The crustacean cuticle is a biological composite material consisting of chitin–protein fibres in a mineralized matrix. Recent research has revealed a surprising range of fibre architectures and mineral compositions of crustacean skeletal structures adapted to various mechanical demands. It is becoming increasingly clear that the organic fibres in the cuticle may be organized in patterns differing from the standard twisted plywood model.

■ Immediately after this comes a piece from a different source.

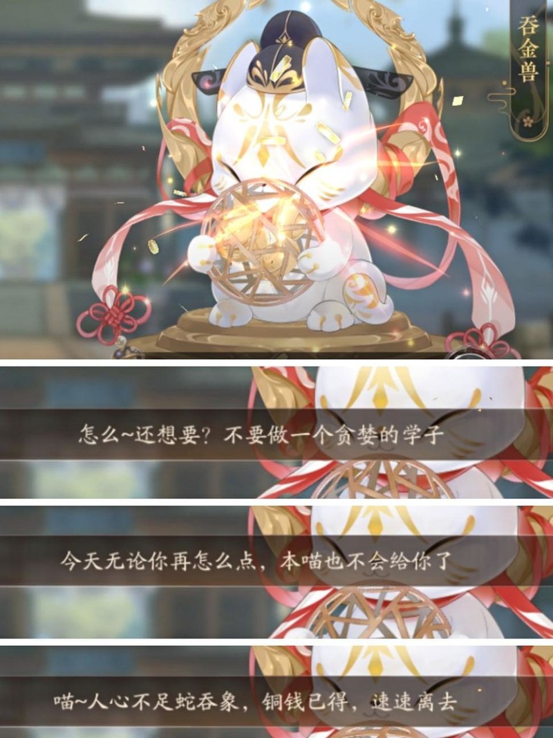 招财猫每日可点五次祈福领金币,多点会被骂,每次得几百上千零钱。
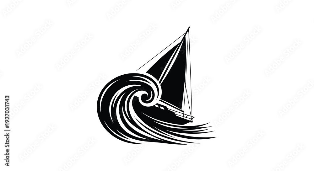 A striking black and white image depicts a sailboat navigating swirling waves showcasing a bold silhouette high quality #1927031743

Observed fibre architectures in protruding skeletal structures include longitudinal and circular parallel fibre arrays. Skeletal minerals often include calcium phosphates in addition to calcium carbonates. Furthermore, skeletal properties are affected by protein cross-linking, which replaces mineralization as a stiffening mechanism in some structures. Several common structural motifs, such as the stiffening of the outer skeletal layers, the incorporation of non-mineralized cuticle in exposed structures, and interchanging layers of parallel fibres and the twisted plywood structure, can be identified in skeletal elements with similar functions. These evolutionary solutions have the potential for biomimetic applications, particularly as manufacturing technologies advance. To make use of this potential, we need to understand the processes behind the formation of the crustacean exoskeleton and determine which features are truly adaptive and worth mimicking.

甲壳动物外骨骼的结构多样性及其对生物仿生学的影响
甲壳类动物的角质层是一种生物复合材料,由矿化基质中的几丁质-蛋白质纤维组成。最近的研究发现,甲壳动物骨骼结构的纤维结构和矿物质成分适应各种机械要求,其范围之广令人惊讶。越来越清楚的是,角质层中有机纤维的组织模式可能不同于标准的扭曲胶合板模式。在突出的骨骼结构中观察到的纤维结构包括纵向和环形平行纤维阵列。骨骼矿物质除碳酸钙外,通常还包括磷酸钙。此外,骨骼特性还受到蛋白质交联的影响,在某些结构中,蛋白质交联取代了矿化作用,成为一种加固机制。在具有类似功能的骨骼元素中,可以发现几种常见的结构模式,如骨骼外层的加固、裸露结构中加入非矿化角质层、平行纤维层和扭曲胶合板结构的互换。这些进化解决方案具有生物仿生应用的潜力,特别是随着制造技术的进步。要利用这一潜力,我们需要了解甲壳动物外骨骼形成背后的过程,并确定哪些特征真正具有适应性,值得模仿。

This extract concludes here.